Dynamic tooth force calculation. The excitation from gear mesh can be optimized by flank corrections. The influence of load on the excitation can be calculated quickly. But the dynamic behavior of the gear box also depends on the rotational speed. To consider the influence of natural vibrations in the presented methodology lumped-mass torsional vibration systems are used. Because of the nonlinear gear stiffness function the equations of motion have to be solved by numerical integration. For each integration step the gear stiffness has to be calculated and the stiffness matrix C has to be built. Equation 2 represents the system of the equations of motion. It is a system of nonlinear differential equations of the second order; the damping of the gear mesh is also calculated. According to Gerber (Ref. 6), it is dependent on center distance, oil viscosity and speed.

Use of the Presented Method to Predict Gear Noise for Automotive Transmissions

Description of examined gear boxes. Two similar gearboxes have been analyzed with the aim of comparing and improving gear noise excitation.
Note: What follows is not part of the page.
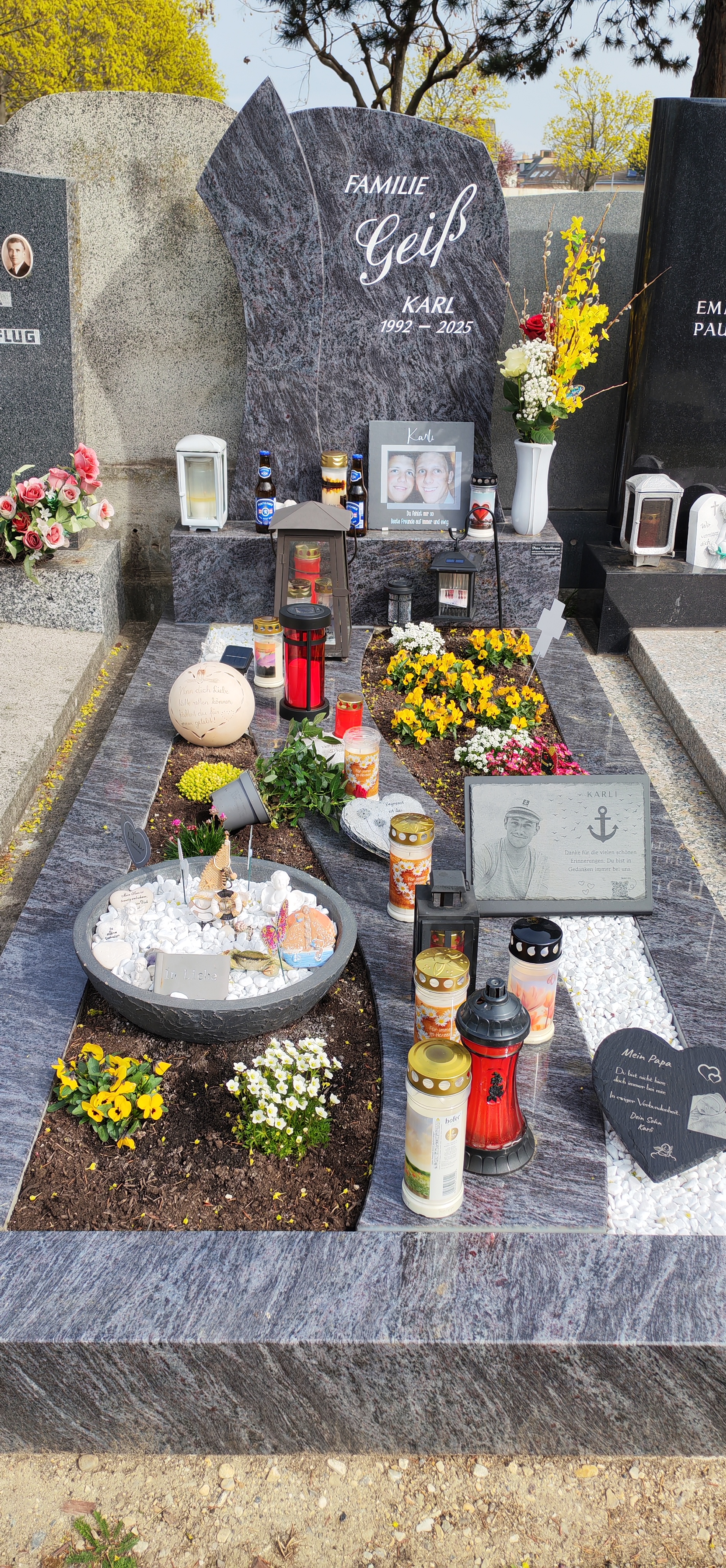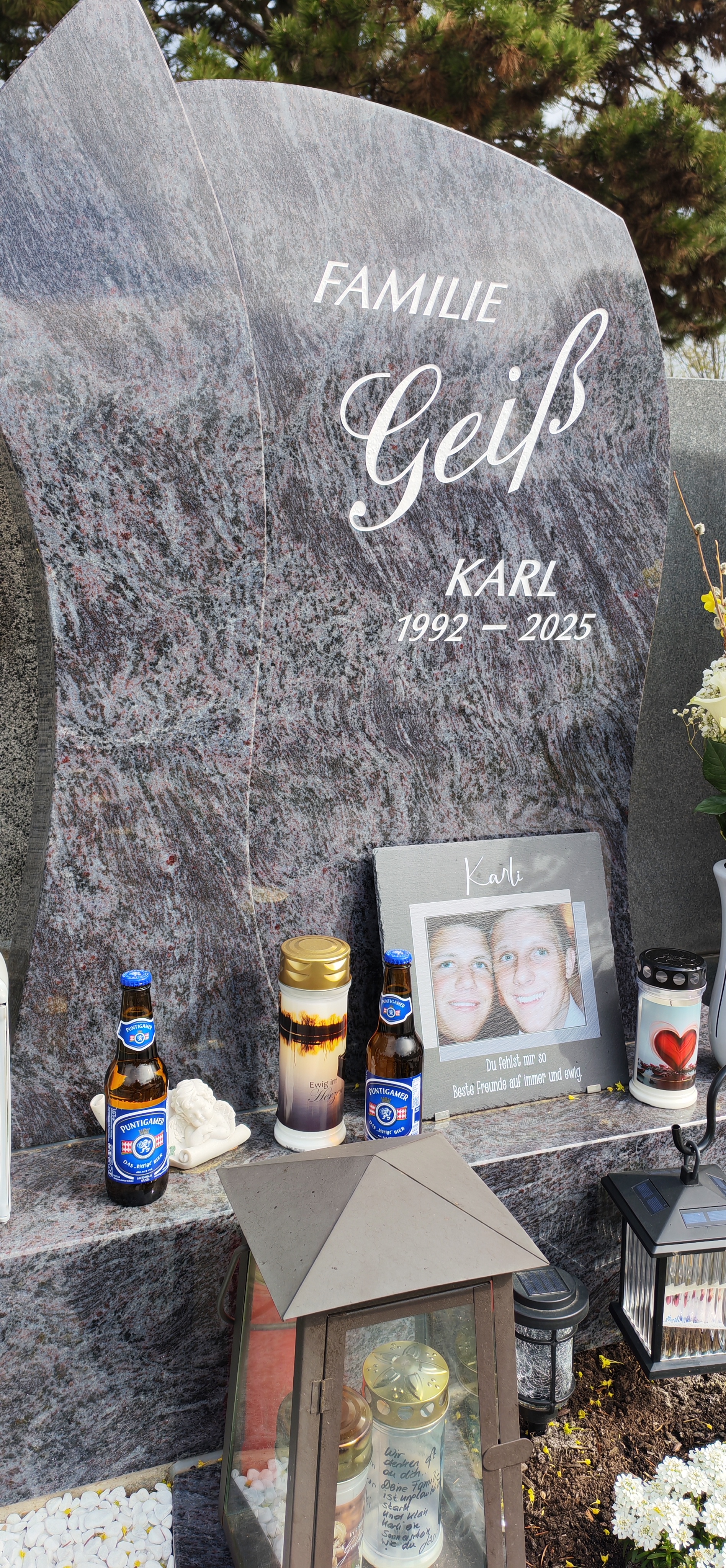 Den Moment und den Tag gemeinsam mit dem engsten Familienkreis zu Teilen war etwas sehr berührendes. Ich habe es so schön gefunden gemeinsam mit Familie und Freunde an seinem ersten Todestag dabei gewesen zu sein. Ich wünschte ich könnte es dir selbst noch sagen. Ich liebe dich Karli Dein Freund Bernd und Alex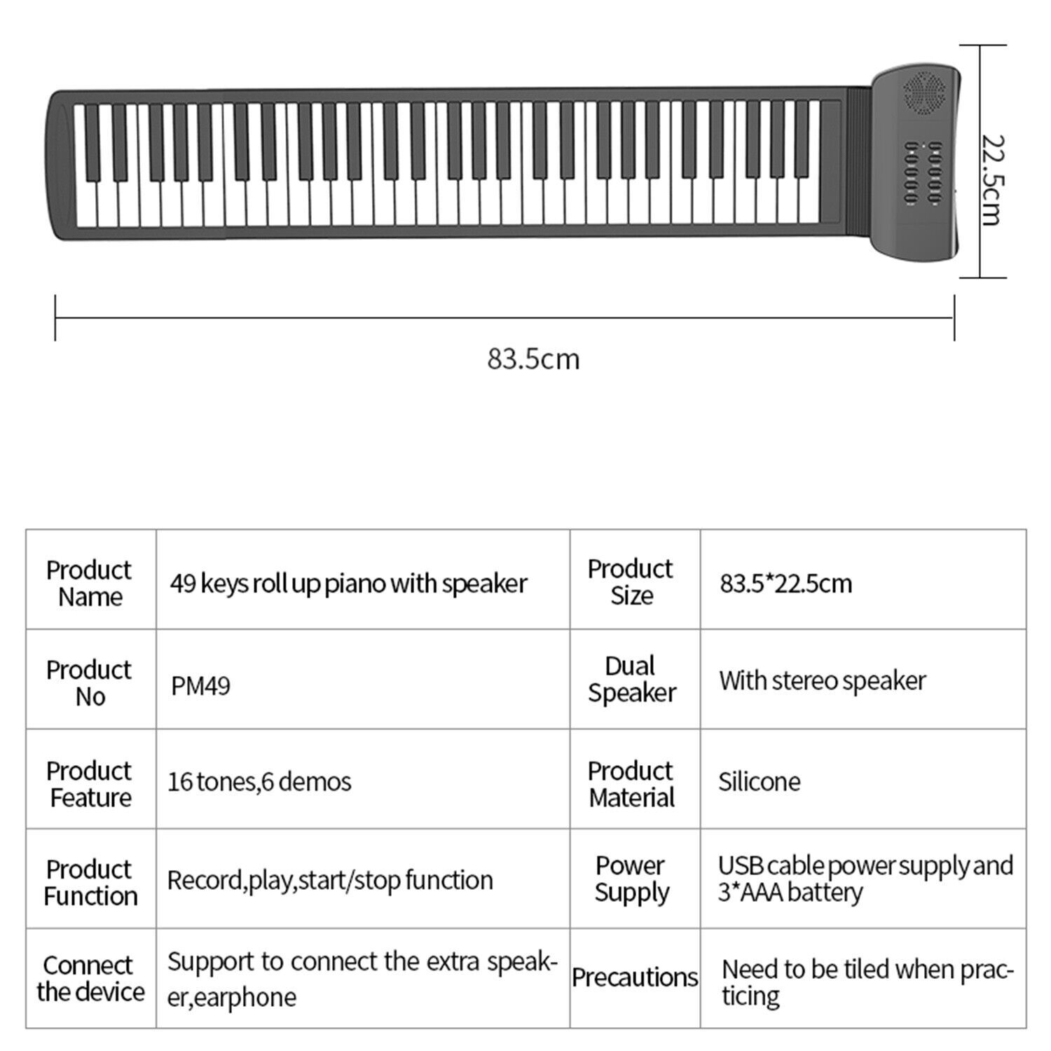 - Piano silicone keyboard is made of soft silicone, will not break after long-term use, and adopts fully sealed design,

Both gearboxes (A and B) are automatic transmissions for vehicles with transverse motor configuration. One gear stage that is permanently engaged and critical in terms of mesh excitation has been analyzed in detail. Note that parts of the automated transmission, torque converter, planetary gear sets and several clutches, are not examined in this project. The power is transmitted by two stages, which are always engaged. These two stages are called counter gear stage and differential gear stage. In this project only the effect of counter gear stage is considered, as mentioned above.

Modelling of shafts, bearings and housing. For the gear noise calculation, it is important to capture the elastic environment of the gear wheels. The FVA Program RIKOR (Ref. 3), which provides load capacity calculations, considers the:

• shafts
• bearings
• housing

for static deformation analysis.

Among other calculation results, RIKOR calculates the load distribution. For the integrated bearing calculation in RIKOR, the geometrical data of the bearings are used (e.g., ball diameter, angle of taper, etc.). The load distribution between the rolling elements and race way in the bearing is calculated. Then the data are provided for other calculations, such as the mesh calculation used in this project.

Comparison of mesh excitation for designed and measured microgeometry — determination of microgeometry. The microgeometry is one of the most important influence parameters on vibration excitation of gears. Therefore it is necessary to model gear microgeometry as accurately as possible. Since the designed microgeometry is often not sufficient, the microgeometry has to be measured topologically. All teeth on both flanks were measured topologically with 30 points in face width direction and 30 points in tooth profile direction using a Klingelnberg P40 measuring center. This topological data was converted for use as microgeometry in the calculation program.

Figure 2 shows the designed microgeometry of the two examined drive gears. In Figure 3 the averaged microgeometry of the examined drive gear from topological measurement in the whole field of action is shown. There are some differences between the designed microgeometry and the measured microgeometry — which could influence the excitation. Since the deviation of individual teeth is even greater than the averaged microgeometry, the influence on excitation can be increased additionally.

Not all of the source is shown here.